Archived article

Please note that tax, investment, pension and ISA rules can change and the information and any views contained in this article may now be inaccurate.

We compare returns over a 25-year period and the answer may come as a surprise
Thursday 14 Sep 2023 Author: Martin Gamble

For nervous investors worried about the volatility of stock markets, investing in housing may seem like a safer, less bumpy alternative, but the facts don’t support this seemingly popular view.

Duncan Lamont, head of strategic research at Schroders, says investing in global stocks has been the superior strategy whether you look back over the last five, 10, 15, 20 or 30 years.

For example, £100,000 worth of UK property purchased 25 years ago would have been valued at £454,000 on average in December 2022 based on Land Registry and Refinitiv data, while the same amount invested in global stocks (ignoring any costs) would have been worth around £631,000.

These figures mask significant regional variations with London property worth around £580,000 and Scotland at the other end of the spectrum, worth £407,000. It is also worth reminding readers that the housing data exclude costs of ownership such as maintenance, repairs, insurance or taxes.

In short, stocks have historically provided better financial returns than houses. Investing in stocks via tax sheltered accounts such as ISAs and SIPPs (self-invested personal pensions) adds to their relative attraction.

That said, one cannot say with certainty that a pension will continue to do better than property as investments can fall as well as rise in value. There are also looming challenges for the housing market which suggests property may not perform as well as it has done over the last 25 years.

WHAT WE CAN LEARN FROM HISTORY

It is sometimes blindly stated that house prices tend to always rise in the long run, but the historical record suggests that isn’t the case. For example, between 1845 and 1911 UK house prices fell 23%.

Over the same period average household earnings almost doubled (+90%) which resulted in the average house price to income ratio falling from over 12 times to around two times in the early part of the twentieth century.

The cult of house ownership didn’t really take hold until the second half of the twentieth century with ownership rates steadily rising from around 20% to a peak of 70% in 2000.
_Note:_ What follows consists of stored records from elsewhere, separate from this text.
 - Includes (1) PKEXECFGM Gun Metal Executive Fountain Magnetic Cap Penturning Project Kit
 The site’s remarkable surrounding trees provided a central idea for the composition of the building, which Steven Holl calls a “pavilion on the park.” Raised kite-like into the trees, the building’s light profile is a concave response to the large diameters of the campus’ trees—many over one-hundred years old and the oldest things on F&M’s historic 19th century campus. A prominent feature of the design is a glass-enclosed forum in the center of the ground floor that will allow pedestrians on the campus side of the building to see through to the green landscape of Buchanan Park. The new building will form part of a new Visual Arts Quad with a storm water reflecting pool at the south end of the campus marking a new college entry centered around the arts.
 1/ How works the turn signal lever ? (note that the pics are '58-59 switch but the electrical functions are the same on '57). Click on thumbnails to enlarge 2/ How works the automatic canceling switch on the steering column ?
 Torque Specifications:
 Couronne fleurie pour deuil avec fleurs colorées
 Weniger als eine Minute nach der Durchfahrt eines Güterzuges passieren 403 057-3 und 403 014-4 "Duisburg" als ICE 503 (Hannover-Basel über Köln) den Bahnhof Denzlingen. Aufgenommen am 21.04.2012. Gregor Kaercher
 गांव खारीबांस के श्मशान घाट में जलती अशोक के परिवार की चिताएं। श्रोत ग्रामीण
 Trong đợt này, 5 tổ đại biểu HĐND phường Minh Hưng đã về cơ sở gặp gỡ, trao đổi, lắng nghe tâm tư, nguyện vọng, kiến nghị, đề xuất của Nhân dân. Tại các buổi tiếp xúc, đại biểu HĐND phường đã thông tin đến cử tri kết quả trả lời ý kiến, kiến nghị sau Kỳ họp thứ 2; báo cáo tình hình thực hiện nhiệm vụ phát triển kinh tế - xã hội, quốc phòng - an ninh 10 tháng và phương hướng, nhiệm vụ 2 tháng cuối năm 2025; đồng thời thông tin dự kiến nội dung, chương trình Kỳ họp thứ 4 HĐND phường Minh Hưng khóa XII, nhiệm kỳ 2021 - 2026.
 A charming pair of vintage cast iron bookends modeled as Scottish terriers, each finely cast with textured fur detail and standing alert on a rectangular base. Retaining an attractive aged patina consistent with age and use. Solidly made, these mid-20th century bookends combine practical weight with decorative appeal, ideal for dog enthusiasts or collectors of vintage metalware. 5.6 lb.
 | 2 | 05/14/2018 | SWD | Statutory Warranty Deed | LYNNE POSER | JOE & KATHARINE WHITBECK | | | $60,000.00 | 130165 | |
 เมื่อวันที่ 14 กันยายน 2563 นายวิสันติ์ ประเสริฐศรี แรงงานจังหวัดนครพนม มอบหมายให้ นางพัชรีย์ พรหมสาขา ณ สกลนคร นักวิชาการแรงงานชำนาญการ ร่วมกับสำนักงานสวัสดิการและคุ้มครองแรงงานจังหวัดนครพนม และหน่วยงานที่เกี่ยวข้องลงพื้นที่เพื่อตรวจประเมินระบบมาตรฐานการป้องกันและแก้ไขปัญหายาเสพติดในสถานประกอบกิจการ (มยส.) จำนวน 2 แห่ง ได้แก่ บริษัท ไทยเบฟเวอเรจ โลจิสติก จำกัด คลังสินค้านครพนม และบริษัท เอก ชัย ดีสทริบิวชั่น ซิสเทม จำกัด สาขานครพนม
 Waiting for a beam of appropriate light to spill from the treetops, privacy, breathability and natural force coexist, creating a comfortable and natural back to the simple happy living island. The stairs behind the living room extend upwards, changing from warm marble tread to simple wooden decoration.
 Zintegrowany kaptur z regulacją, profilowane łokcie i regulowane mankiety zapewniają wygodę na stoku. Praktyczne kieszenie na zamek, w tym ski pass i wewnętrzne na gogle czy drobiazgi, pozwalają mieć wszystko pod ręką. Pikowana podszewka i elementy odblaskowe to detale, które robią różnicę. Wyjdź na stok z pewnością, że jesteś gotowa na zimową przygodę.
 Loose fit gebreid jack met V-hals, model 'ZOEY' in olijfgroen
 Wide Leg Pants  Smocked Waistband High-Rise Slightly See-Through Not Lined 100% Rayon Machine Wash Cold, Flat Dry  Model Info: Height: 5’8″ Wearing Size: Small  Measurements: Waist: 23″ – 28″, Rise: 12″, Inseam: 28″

Meanwhile, the ratio of house prices to average earnings rose to the current 9 times based on data as of 30 November 2022.

A working paper by the Bank of England published in December 2019 argued a big contributing factor behind the rise in average house prices to average earnings between 1985 and 2018 was ‘a sustained, dramatic, and consistently unexpected, decline in real interest rates as measured by the yield on medium-term index-linked gilts.’

In other words, lower interest rates allowed borrowers to take on more debt without increasing its relative affordability. But the central bank warned that an ‘unexpected and persistent increase’ in the medium-term real interest rate of 1 percentage point from its level at the end of 2018 could ultimately cause up to a 20% fall in real house prices over the following years.

Mortgage interest costs have ballooned in the past few years as central bank rates shot up. The Bank of England data for July 2023 shows the average interest rate on new mortgages rose to 4.66%, the highest since 2008. Meanwhile, mortgage approvals fell 20% year-on-year, more than economists were expecting.


My home is my pension

People often think of their home as their pension. They believe it will go up in value enough so they can sell it at retirement and live off the proceeds. What is often forgotten is the need to still have a roof over their heads for the rest of their life.

That means either using some of the sale proceeds to buy another home, potentially downsizing, or renting which means a steady outflow of cash.


COULD HOUSING SEE A REDUX OF THE 1850s?

Lamont at Schroders identifies three important factors which led to houses becoming more affordable relative to incomes in the 1850s. Increasing supply was a major factor with the housing stock doubling to 8.9 million.

Making smaller houses such as terraced homes instead of detached ones was also a key driver while homes in all categories fell in average plot size.

Lastly, average earnings grew 90% over the period – when combined with falling house prices this led to a dramatic fall in the ratio of house prices to incomes, making a house purchase easier to finance.

Putting rising interest rates to one side for a second, could the same dynamics play out over the next few decades and drive down the ratio of house prices to earnings? The recent government record doesn’t look promising.

In 2019 the Conservatives set a target to build 300,000 new homes a year by the mid-2020s but last year only 233,000 homes were built.

For reference in the 1960s around 350,000 new homes a year were supplied. Today’s equivalent of the smaller dwellings of the 1850s is the government’s focus on building affordable housing, but the supply has been lower than envisaged.

Meanwhile, the cost-of-living crisis and sky-high inflation has reduced real incomes. In short, solving the undersupply of new housing remains a thorny problem.